Slechts 1 luchtwaardig exemplaar van de 437 aangeschafte vliegtuigen overleeft: FG-1D NZ5648/ZK-COR, eigendom van de Old Stick and Rudder Company in Masterton, NZ.
F4U-1A NZ5277
Van alle NZ Corsairs heb ik besloten om NZ5277 te doen vanwege de geweldige neuskunst, de erg versleten kleurstelling en het feit dat ik er gemakkelijk maskers voor kon krijgen van Montex. Hieronder vindt u enkele details over dit vliegtuig.

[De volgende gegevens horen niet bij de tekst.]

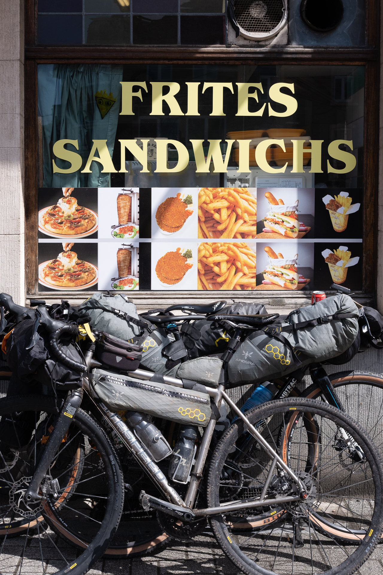 Nous constatons une fois de plus de la qualité des traces proposées par le site bikepacking.com. C’est propre, sans bavure, sans obstacle infranchissable et nous régale de paysages et autres réjouissances gustatives. Un pur bonheur. Arrivée au camping, petit stop au restaurant. Le moins que l’on puisse dire c’est que les Belges n’aiment pas dîner tard. Alors pour être sûrs d’avoir quelque chose à se mettre sous la dent ce soir, nous décidons de manger tout de suite et de planter nos tentes plus tard. Je gratte quelques œufs en cuisine pour le petit déjeuner de demain matin.
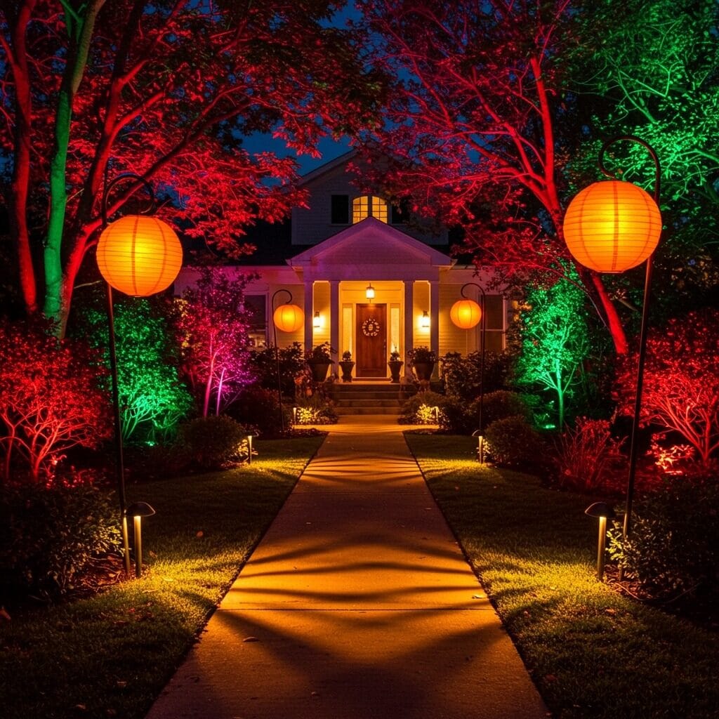 Colored LED spotlights can wash your front door or porch columns in eerie green, deep purple, or blood orange light. Solar pathway lights guide trick-or-treaters safely while adding to the ambiance. Uplighting on trees or large plants creates dramatic shadows that change throughout the evening.
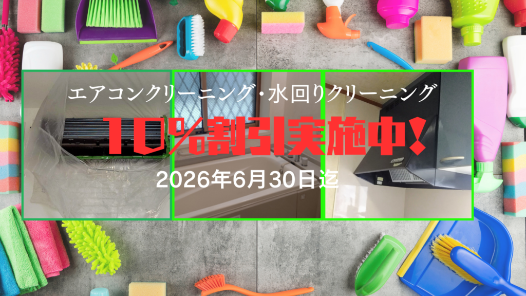 LINE公式割引実施中です。 2026年6月30日まで エアコンクリーニング・水回りクリーニング他 10%割引実施中‼ ご予約の合計金額より10%割引でお見積りいたします。 おそうじde掃快LINE公式アカウント
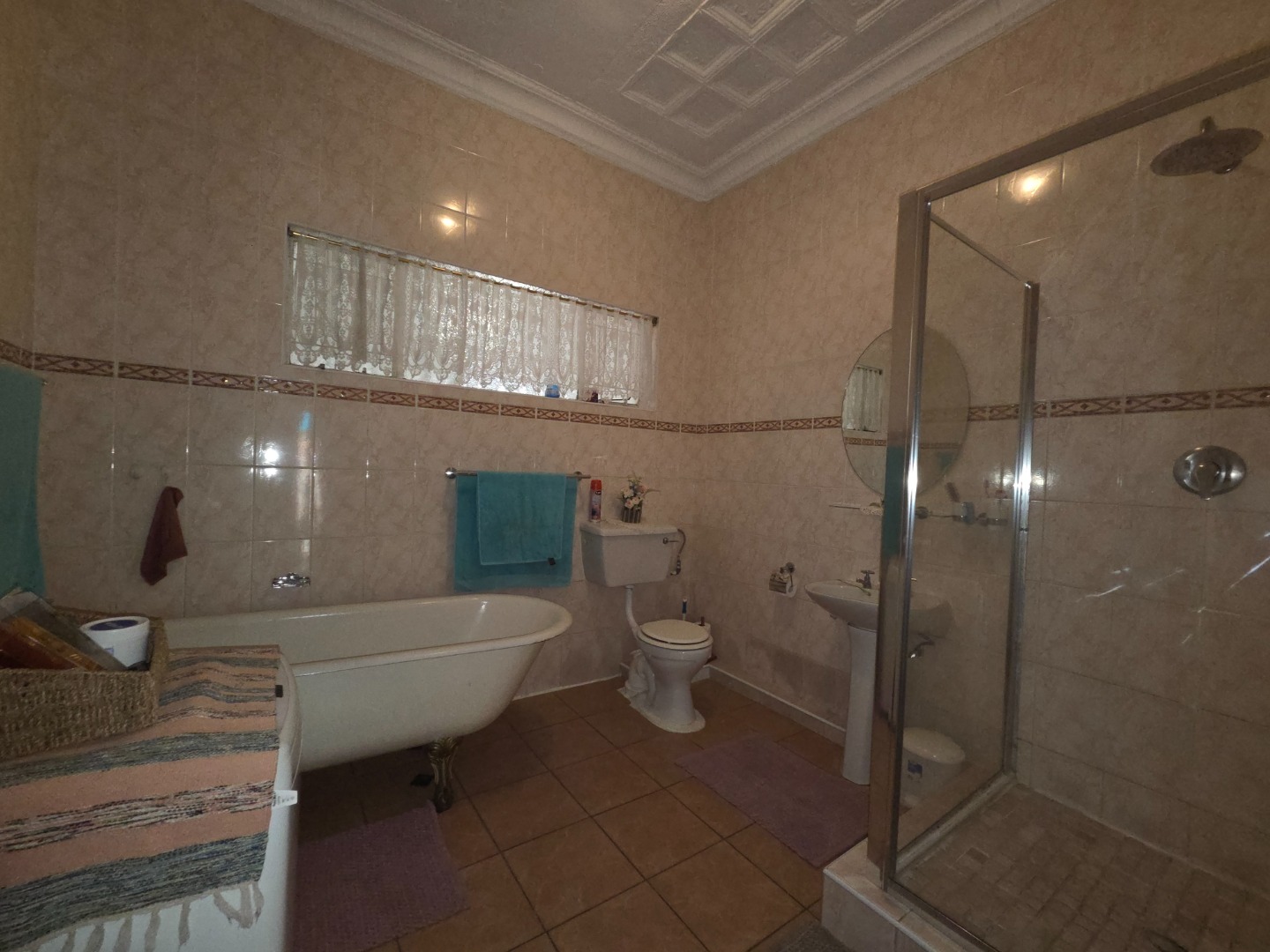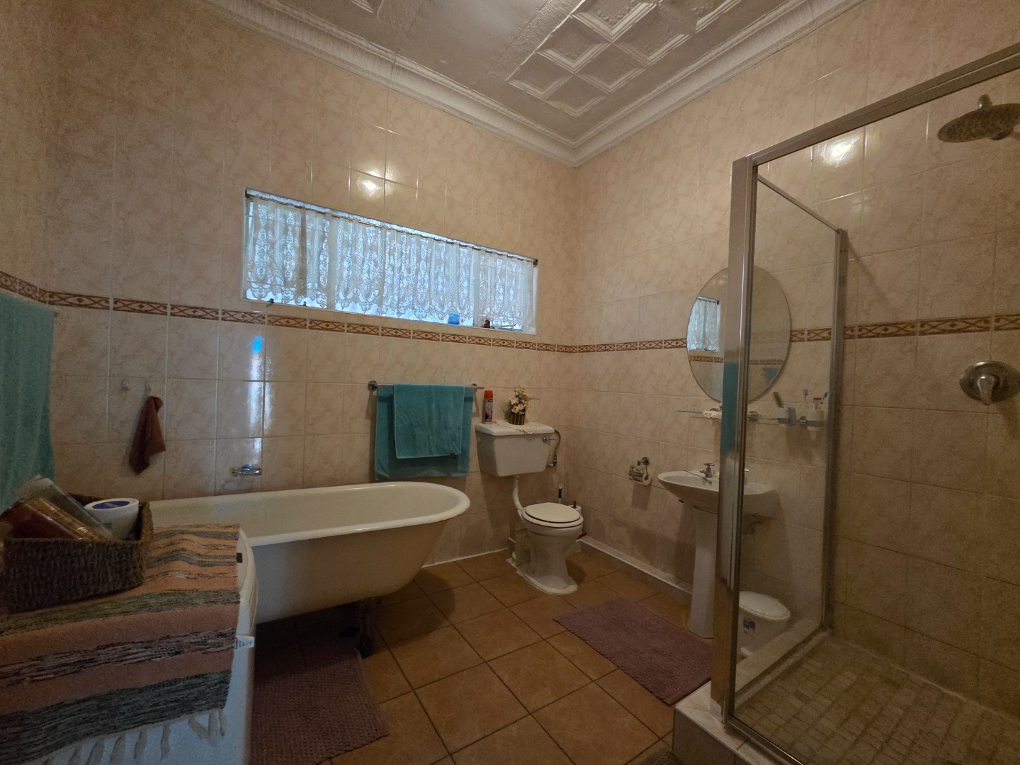 The full bathroom features a freestanding bath, large corner shower, toilet, and basin—both practical and inviting.
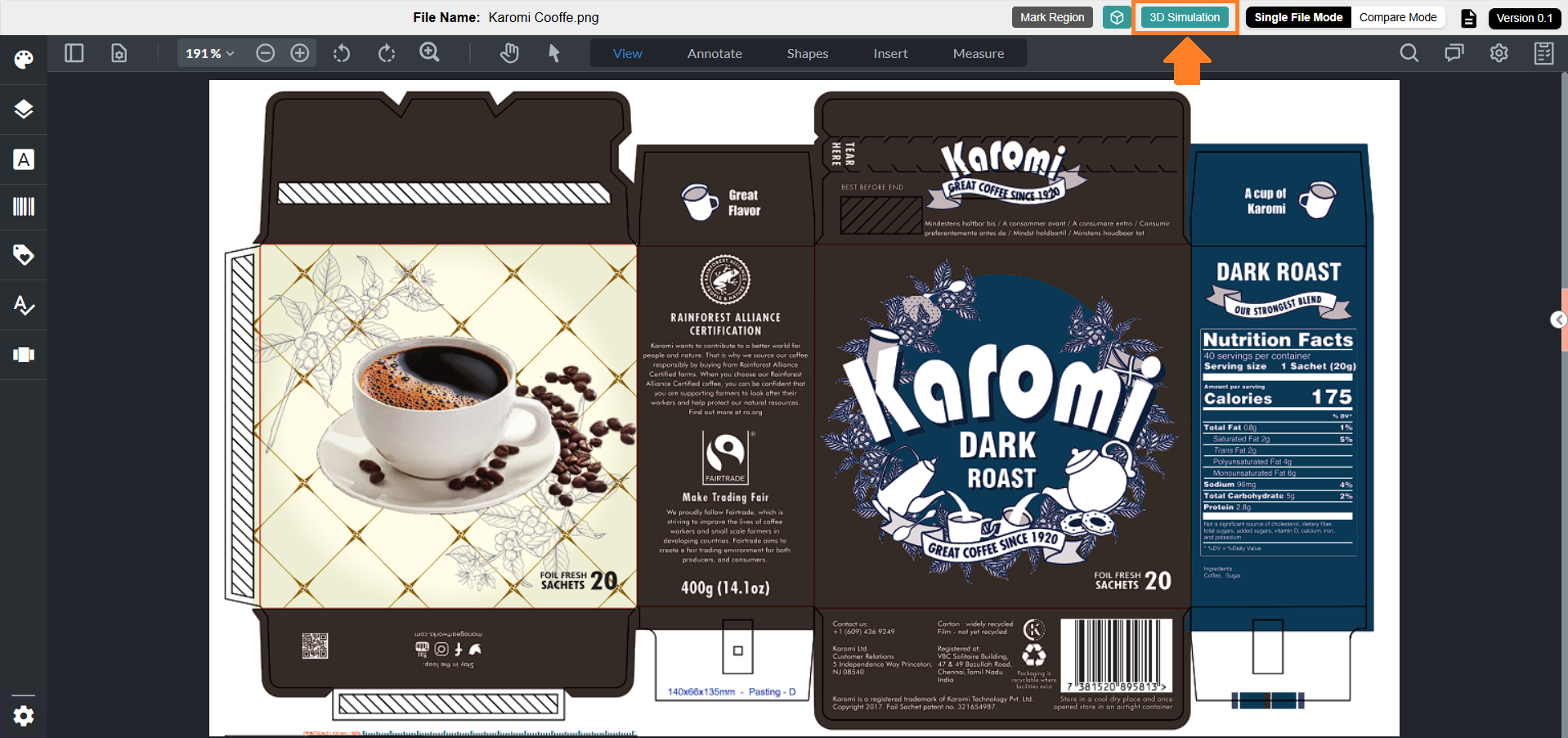 Clicking the 3D Simulation button in the Web Viewer opens the Upload & Design window, where you can add overlays and preview the dieline in 3D. For details, refer to Upload & Design Window.
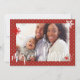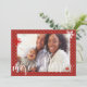 Julkort, med grönt polka dots på röd helgdag med "Mer och merrier" i finare kalligrafi-skript. Anpassa med fotot på kortets framsida och namn med meddelande på kortets baksida.
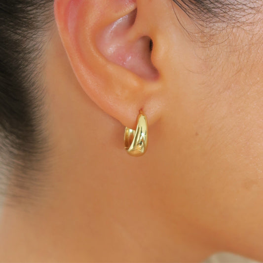 THICK HUGGIE HOOP EARRINGS - Yellow Gold
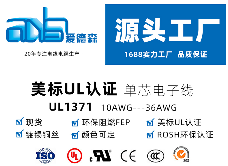 美標(biāo)UL1371鐵氟龍電線產(chǎn)品特征 1、額定電壓:無要求 2、工作溫度:-65~+105℃ 3、導(dǎo) 體:實芯或絞合鍍錫銅線 4、絕 緣: FEP 鐵氟龍 5、顏 色:紅/黃/蘭/白/黑/黃綠/棕等 美標(biāo)UL1371鐵氟龍電
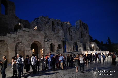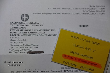 Rückblende: Wie ich durch Recherchen im Vorfeld erfahren hatte, herrscht innerhalb des Odeon ein striktes Verbot, Fotos zu machen, auch Fotos mit dem Handy werden durch zahlreich vorhandenes Aufsichtspersonal rigoros unterbunden, wie ich selbst während der Veranstaltung beobachten konnte. Ohne Akkreditierung lief also nichts. Ich machte mich daher daran, den Veranstalter zu ermitteln und zu meiner Überraschung war dieser nicht etwa eine Eventagentur, sondern das griechische Kultusministerium.
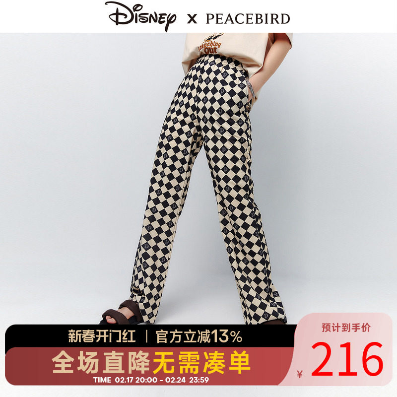 匹诺曹联名太平鸟女装高腰直筒裤2023年夏季格纹阔腿裤A7GBD2A98
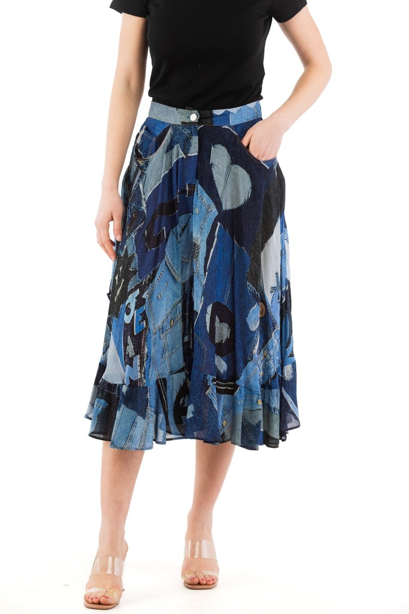 Jupe longue - Blanc, noir et bleu

De kleuren waren oorspronkelijk het standaard US Navy '4 Tone'-schema van niet-spiegelende (matte) zeeblauwe bovenste romp, halfglanzende zeeblauwe vleugel- en staartvlakbovenvlakken, middelblauwe rompzijkanten en staartvin / roer en vleugelonderkanten buitenboordmotor van de vleugelplooi. De onderkanten waren Insignia White. Al deze waren mat afgewerkt, behalve de bovenste vleugeloppervlakken die, wanneer ze vers waren, halfglanzend waren. Deze kleuren vervaagden al snel tot een grijsblauwe tint wanneer ze in dienst waren op de eilanden
NZ5277 5116 F4U-1 Bu49866. Verscheept vanuit de VS op 19 april 1944 aan boord van "USS Breton". Geassembleerd in Espiritu Santo en BOC Unit 60 op 05 mei 1944. Afgegeven aan No.15 Fighter Squadron, Guadalcanal op 18 mei 1944. Gecodeerd met “77”. Naar No.14 Squadron op 08 augustus 1944. Zwaar beschadigd bij een taxi-ongeval met NZ5275 op Kukum Field op 17 augustus 1944, maar gerepareerd en weer in gebruik genomen. Naar No.16 Squadron op 21 december 1944. Naar No.21 Squadron in april 1945. Beschadigd op 24 juli 1945, maar gerepareerd en weer in gebruik genomen in september. Overgezet naar Nieuw-Zeeland in oktober 1945. Te koop aangeboden door WARB aanbestedingsnummer 1704 en verkocht van Rukuhia aan J. Larsen, Palmerston North op 02 maart 1948.